Wednesday, March 29, 2017

the rainbow




*

THE TIGHTROPE WALKER



Forward and back
and around and back
on a piece of string
above water.
Rainbow
every time
she falls in.
Then repeat.
She recalls her history
the tightrope-walker's curse
always to start over
and always dare again
to fall
again
dares to fall
then repeat
Never forgets the fall
the tightrope-walker's duty is
to never stop getting up
again on the tightrope
to walk back and again
forward again
dares to fall
again
dares to get up

The tightrope-walker trains,
she plays music
on her stereo
one pace
and one foot
at a time.
On the album sleeve
Glenn Gould
playing the
piano


*



LINDANSÖSEN



Fram och så tillbaka
så tillbaks och åter
på en sytråd
ovanför ett vatten.
Regnbåge
varenda gång
hon faller.
Sedan repetera.
Minnas sin historia
lindansösens plåga
alltid börja om
och alltid åter våga
falla
åter
våga falla
sedan repetera
Aldrig glömma fallet
lindansösens plikt är
aldrig sluta stiga
åter upp på linan
gå tillbaks och åter
framåt åter
våga falla
åter
våga stiga

Lindansösen tränar,
hon spelar
på stereo
en takt
och en fot
i taget.
På skivomslaget
Glenn Gould
när han spelar
piano



*


I've just found out that Bodil Malmsten died of cancer, just over a year ago, in February 2016.  She was 71.

I felt more shocked than I usually do when poets die.

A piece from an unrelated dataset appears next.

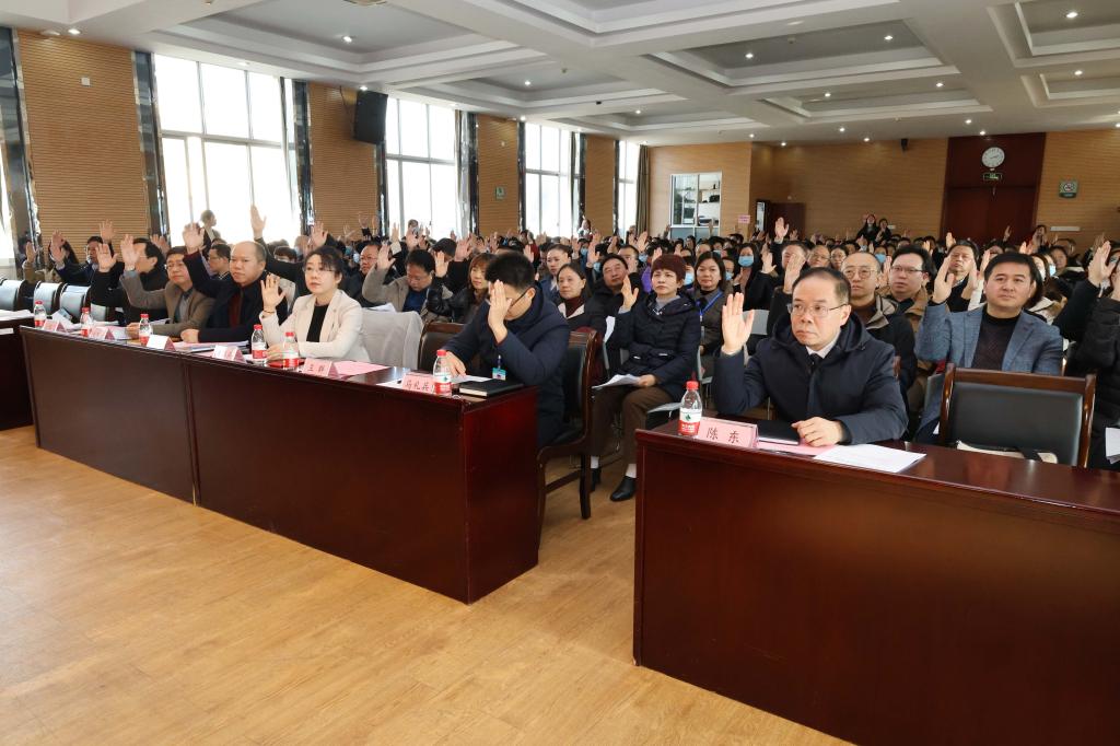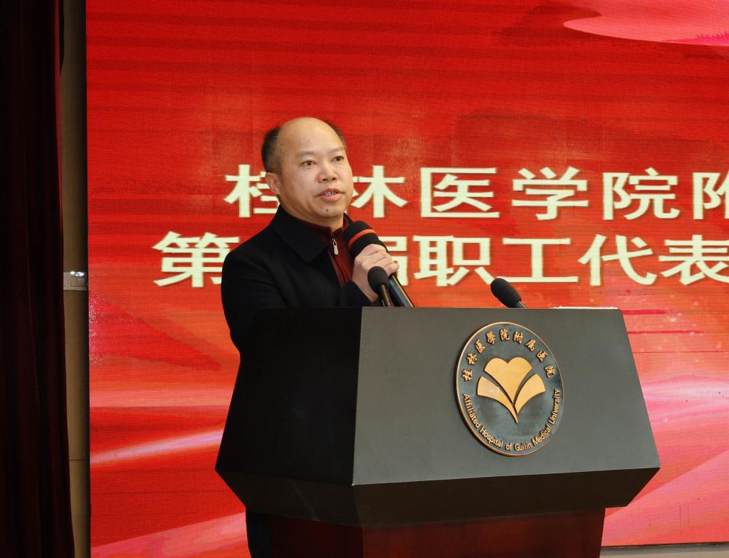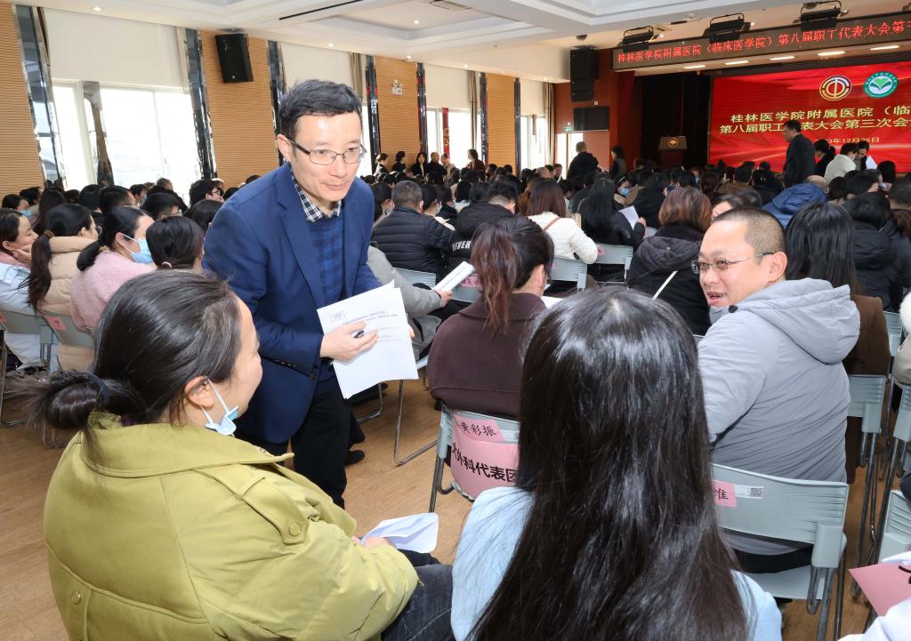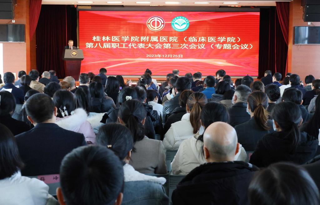12月25日下午,附属医院(临床医学院)在综合楼多功能厅召开第八届职工代表大会第三次会议(专题会议),医院党政领导班子和职工代表共240多人参加会议,听取漓东院区一期工程建设进度汇报和讨论、审议启动漓东院区二期工程相关事宜。会议由附属医院副院长王群主持。

Somehow I always thought of her, and I still do, as a young contemporary, an energetic and disruptive and likeable and reliable presence.

An everyday author. No-one ever said she ought to get the Nobel Prize. She wrote thirty books, of which the best-known were about her life in Finistère. I imagine she's not much known outside the Nordic-Baltic world. I try to read her tousled informal poems in Swedish.  The prose is easier. In my family we always go back to Mitt första liv, especially the chapters about her childhood in Jämtland.

"The Tightrope Walker" comes from her first poetry collection, Gustav the Dwarf (1977). The poems in this collection are linked and they generally have a circus kind of setting.

What is an everyday author? One we have grown up with and lived alongside. Someone who reminds us who we are, and who comforts us by saying: Look, our generation didn't know it all, we got a lot of things wrong, but at least we were this good...

I expect I'll be attempting some more Malmsten translations in coming weeks.